Monday, June 26, 2006

Last Stand

So what happened a hundred and thirty years ago? Why have I made such a big deal out of this, dedicating an entire week to spouting off about the events leading up to a Sunday afternoon that will never be completely understood?

The Battle of the Little Big Horn was the biggest military catastrophe that had befallen a United States military unit in nearly a century. Soldiers had, of course, been killed in battle by Indians before, and vastly larger numbers of men had been lost in comparable spans of time during the Civil War. As an example, the Union Army lost about 4,000 men in a matter of seven or eight minutes at a lonely crossroads called Cold Harbor, VA in 1864. Captain Fetterman’s entire command had been wiped out by Indians a few years before the Custer debacle – but Fetterman was virtually an unknown and exceptionally unimaginative commander, and he had taken only 50 or 60 men into the trap carefully orchestrated by a young Crazy Horse and his companions.

Custer took over 210 men into the Valley of the Little Bighorn, and he was well known as a charismatic and extremely effective officer. Much has been made of the supposed “mistake” or “typographical errors” that led to his promotion to Brigadier General at the age of 22. But it would be far-fetched indeed for the same man to receive the benefit of another such error, and Custer was destined to report as a Major General by the following year. Such award and promotions did not generally go to the unpromising, all protests from troops of the Army of the Potomac notwithstanding.

It never should have happened; nobody ever believed that the primitive Indian warriors could even form a line to resist the blue coated troops, especially the ones commanded by Old Long Hair. No one expected the Sioux to stand still for an attack. In fact, the overriding obsession from virtually ever ranking officer asked, is that the Indians could escape the cordon of troopers pressing in on them from three directions.

Custer divided his regiment into four battalions. Captain McDougall took charge of a single company guarding the pack train and its mules. Captain Benteen, with three companies and somewhere near a hundred men. Benteen’s mission, as given verbally by Custer, was to ride out in reconnaissance to the left and ensure that the hostiles could not leave by that route, unprotected by the approach of the other two converging columns.

Custer’s second-in-command, Major Marcus A. Reno, was given command of three companies (including the strongest group in the outfit) and ordered to charge the village ahead. Custer also promised support – “Pitch into the hostile camp and press your attack and we will support you.” The words themselves are unimportant –in some versions, Custer is said to have pledged that “you will be supported by the entire outfit.”

Custer himself took the remaining five companies and marched farther down the river to find a place to safely ford. He may have been met at the river and repulsed, then retreated under fire to the hill that now bears his name.

“Custer Hill” became the final resting place for the Boy General, his body found in a small cluster with several of his relatives and close officers. So many officers, in fact, were found immediately around the General that many theorists suppose that he may have been holding an “Officer’s Call” to give instructions for defense when a volley resounded and tore through Custer and several of his key subordinates, perhaps all in a single moment.
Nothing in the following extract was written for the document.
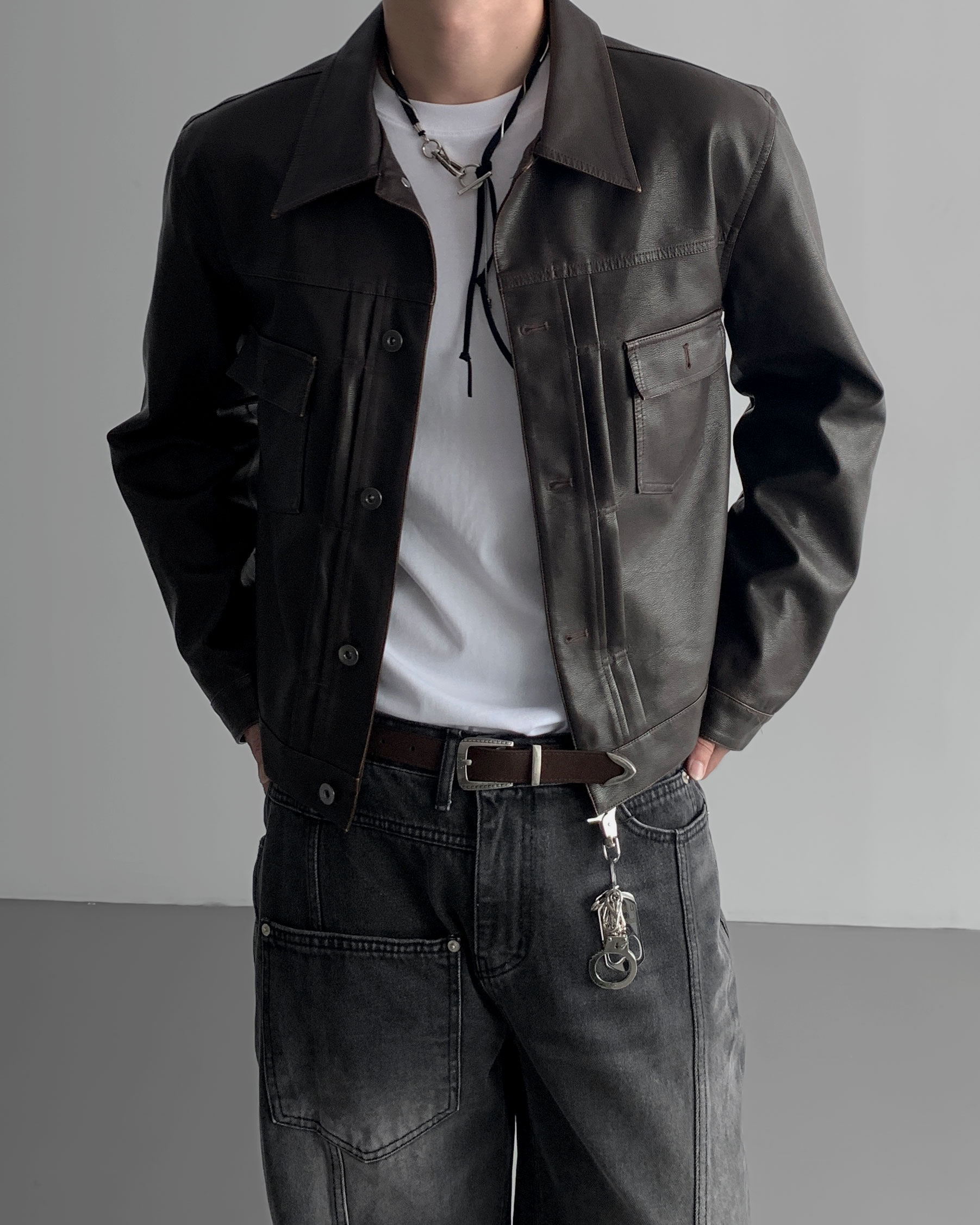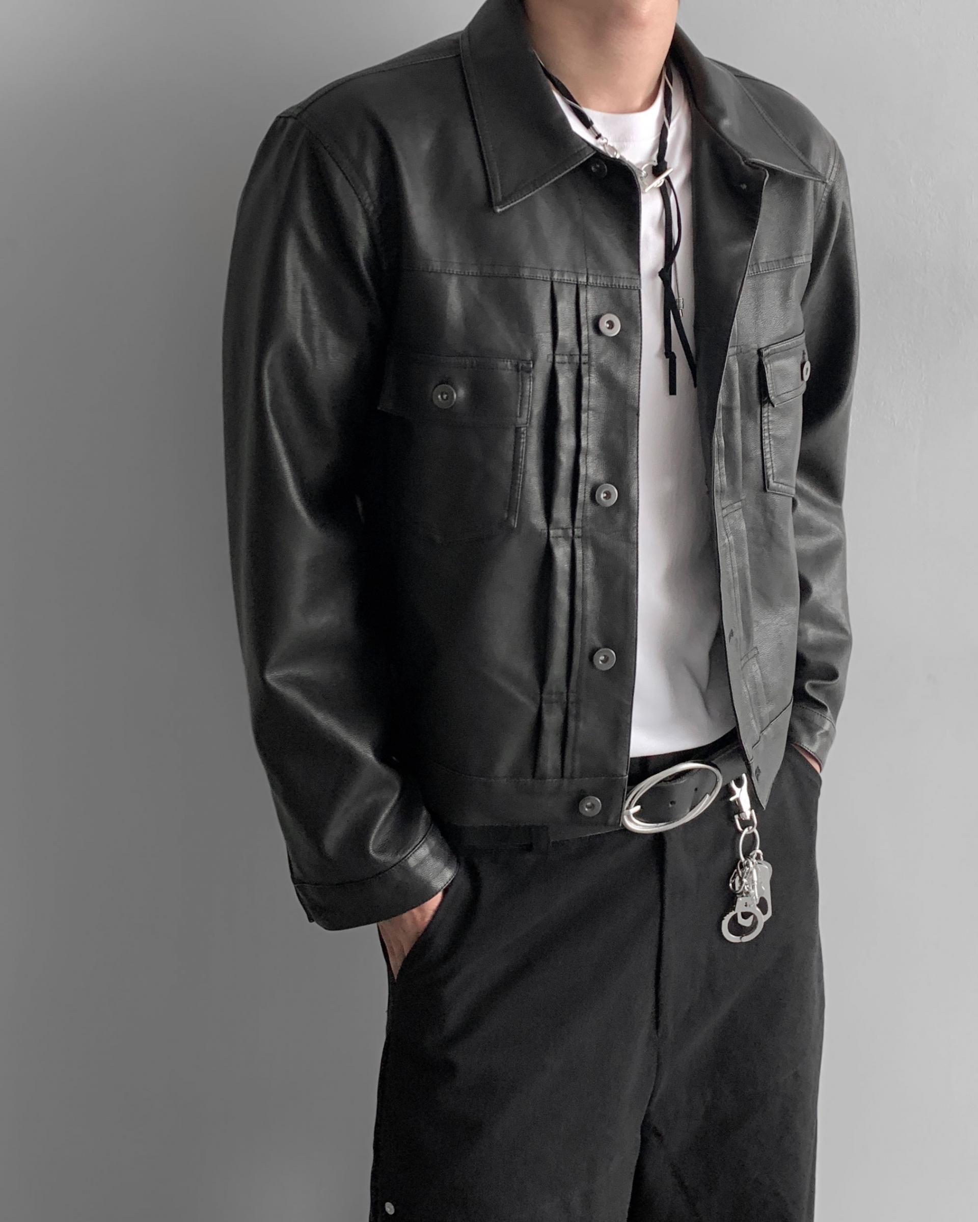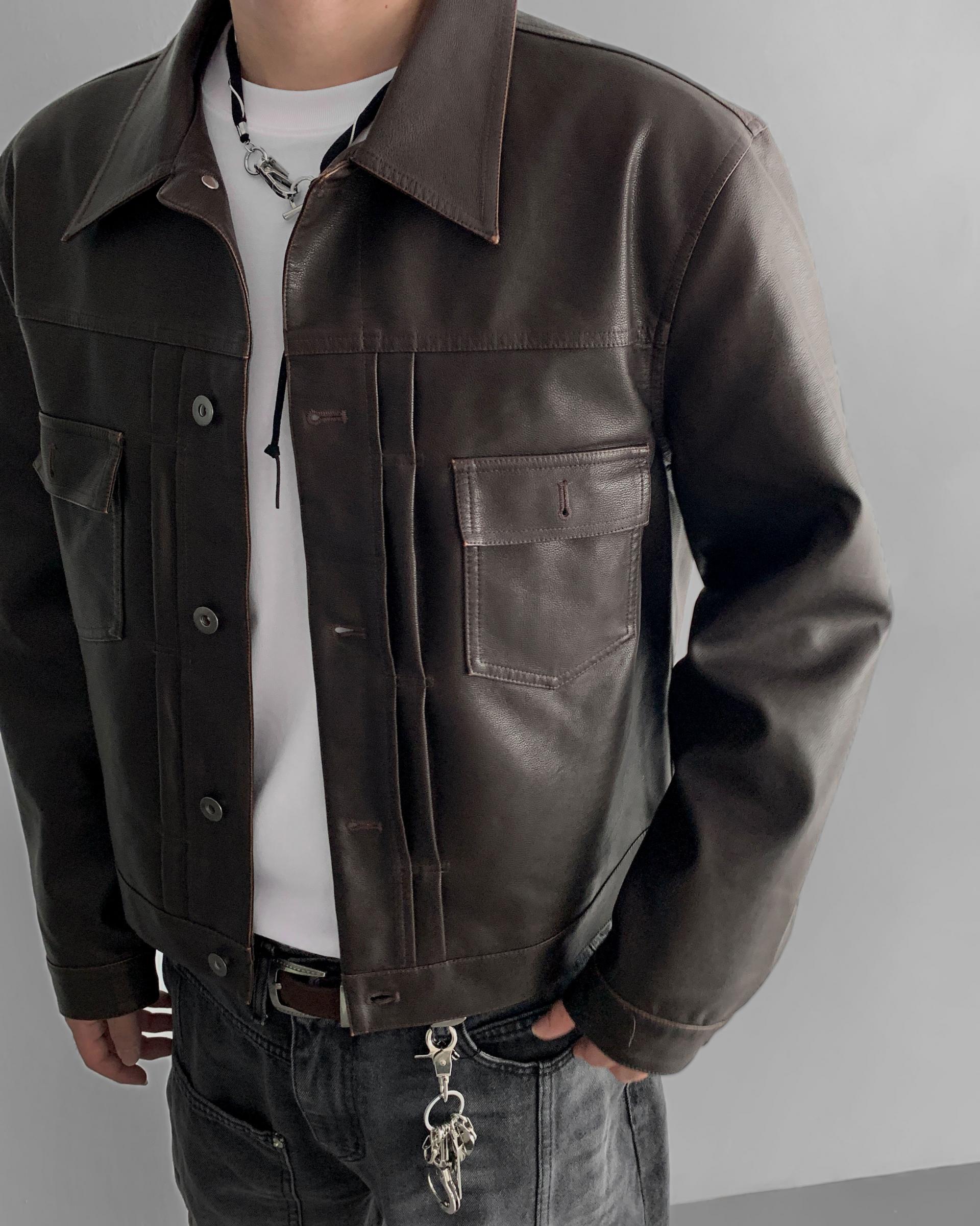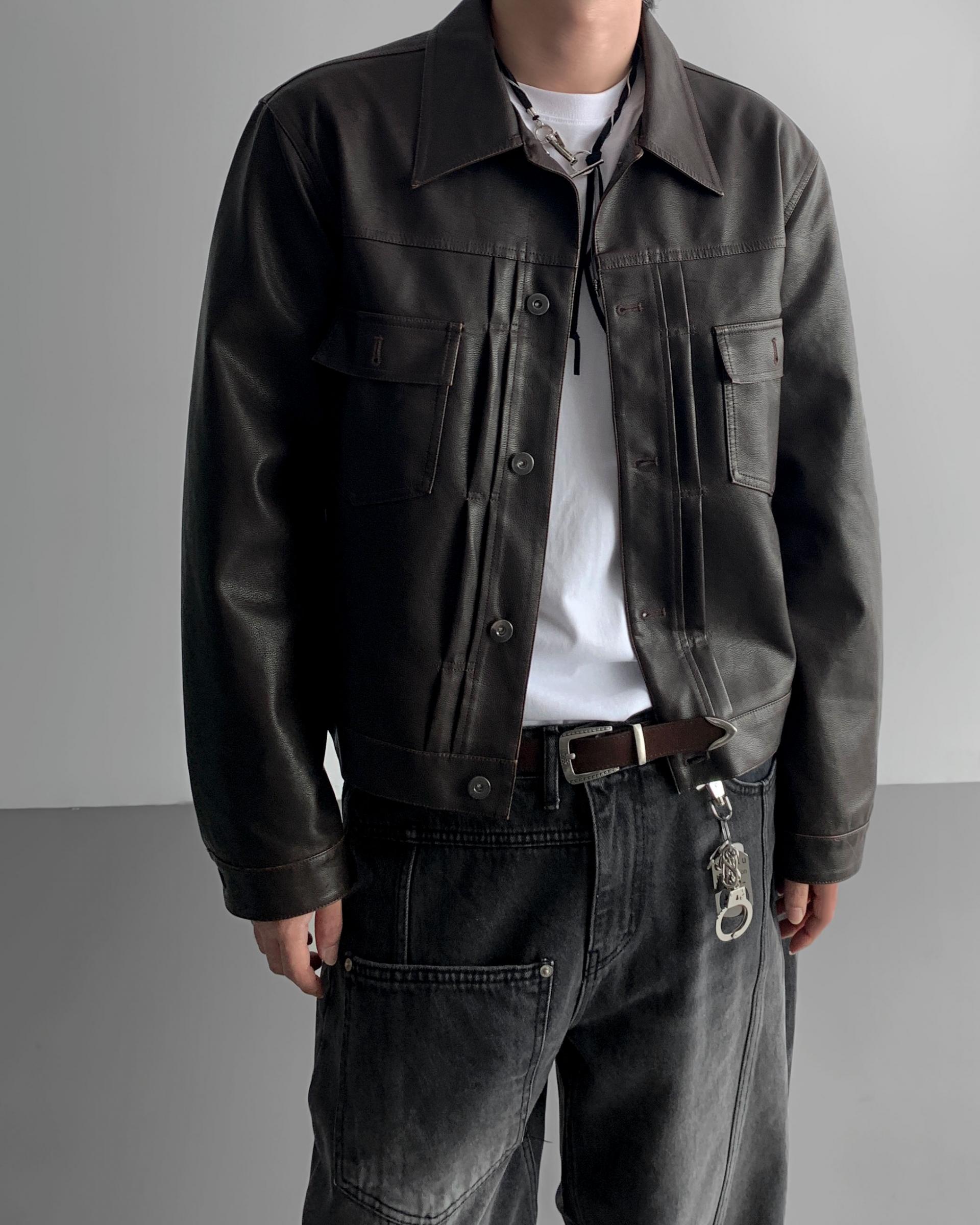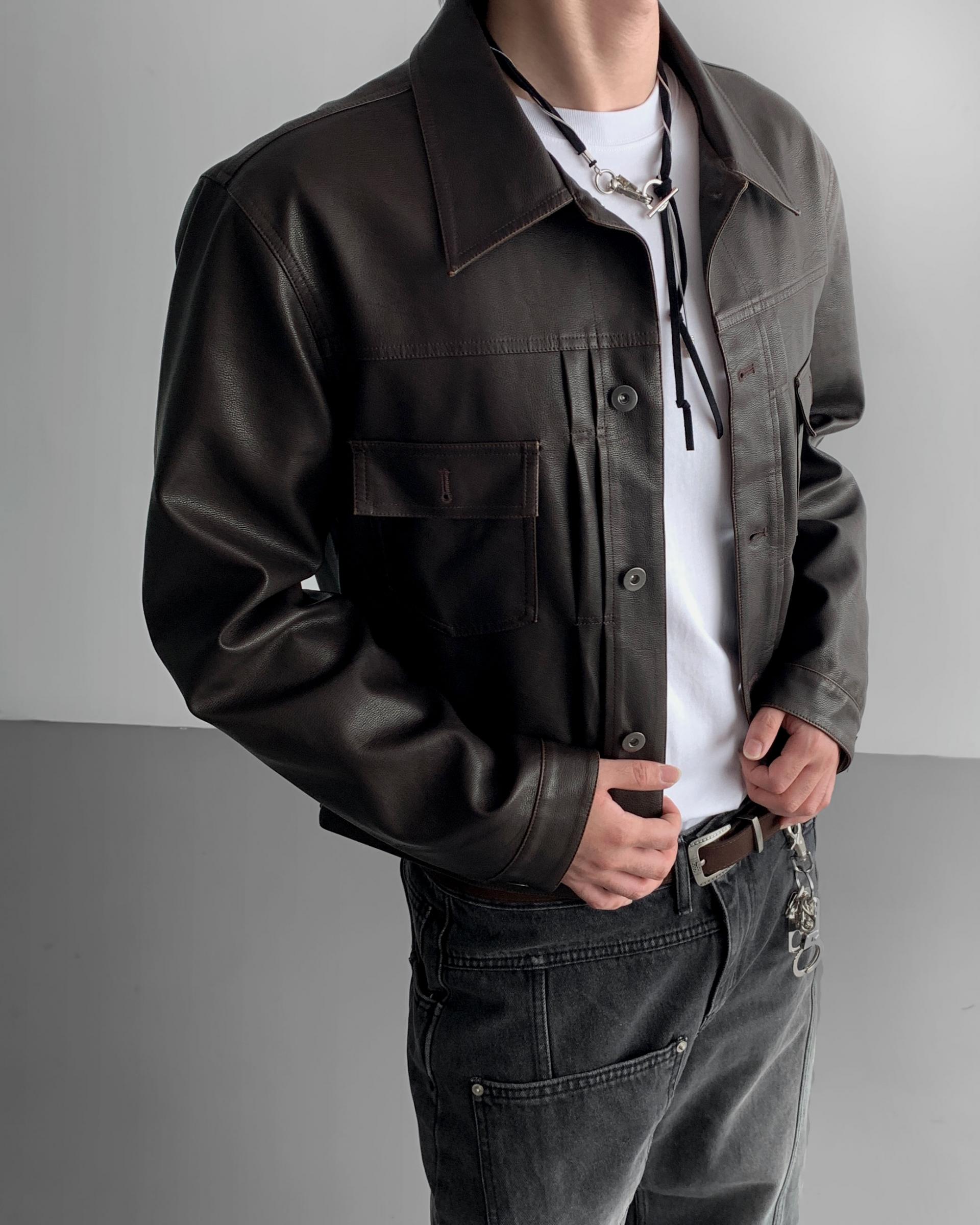 -트러커 자켓 디자인의 클래식한 레더 자켓

The truth of what happened in so far as Custer’s fate is known. He and about 212 men died along the banks of the Little Big Horn river in the greatest victory of Sioux and Cheyenne arms over the US Army in history. It was, however, to be their last. Nothing could have more effectively roused the ire and rage of the American public than to kill one of its dearest heroes on the very eve of Independence Day. The revenge was swift and horrific, and it was the “victory” at the Little Big Horn that truly sealed the fate of the Plains Indian.